### REQUIREMENT
I need each line of the entries below that includes the string "with".

### RECORDS SHOWN
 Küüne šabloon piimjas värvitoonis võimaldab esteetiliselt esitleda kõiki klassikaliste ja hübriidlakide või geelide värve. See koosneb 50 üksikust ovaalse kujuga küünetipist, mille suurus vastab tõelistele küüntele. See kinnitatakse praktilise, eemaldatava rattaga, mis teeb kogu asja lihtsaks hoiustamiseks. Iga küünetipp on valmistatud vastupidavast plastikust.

==

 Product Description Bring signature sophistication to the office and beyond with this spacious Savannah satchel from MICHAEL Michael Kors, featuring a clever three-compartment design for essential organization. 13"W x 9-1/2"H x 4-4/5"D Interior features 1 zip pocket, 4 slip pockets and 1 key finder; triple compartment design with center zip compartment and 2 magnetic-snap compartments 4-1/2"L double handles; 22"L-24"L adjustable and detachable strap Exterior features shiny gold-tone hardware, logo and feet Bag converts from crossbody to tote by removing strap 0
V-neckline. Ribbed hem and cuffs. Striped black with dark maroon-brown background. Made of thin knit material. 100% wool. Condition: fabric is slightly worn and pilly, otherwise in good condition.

---

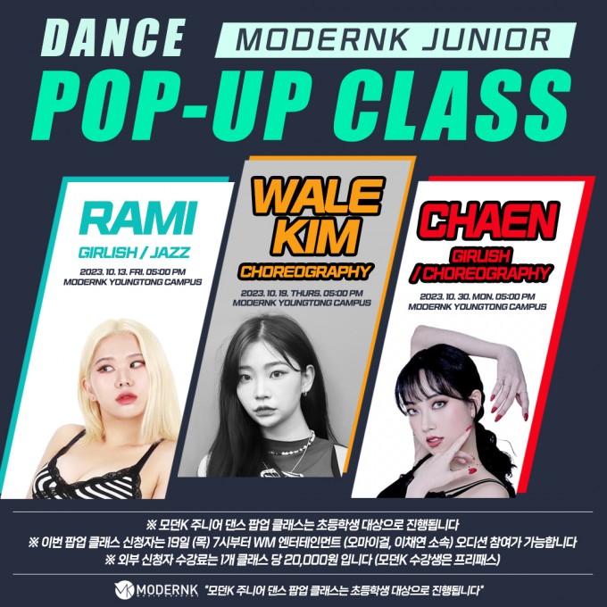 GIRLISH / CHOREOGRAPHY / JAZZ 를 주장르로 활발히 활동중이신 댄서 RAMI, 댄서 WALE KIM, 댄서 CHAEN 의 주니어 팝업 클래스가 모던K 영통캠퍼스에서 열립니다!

### ANSWER SECTION
 Product Description Bring signature sophistication to the office and beyond with this spacious Savannah satchel from MICHAEL Michael Kors, featuring a clever three-compartment design for essential organization. 13"W x 9-1/2"H x 4-4/5"D Interior features 1 zip pocket, 4 slip pockets and 1 key finder; triple compartment design with center zip compartment and 2 magnetic-snap compartments 4-1/2"L double handles; 22"L-24"L adjustable and detachable strap Exterior features shiny gold-tone hardware, logo and feet Bag converts from crossbody to tote by removing strap 0
V-neckline. Ribbed hem and cuffs. Striped black with dark maroon-brown background. Made of thin knit material. 100% wool. Condition: fabric is slightly worn and pilly, otherwise in good condition.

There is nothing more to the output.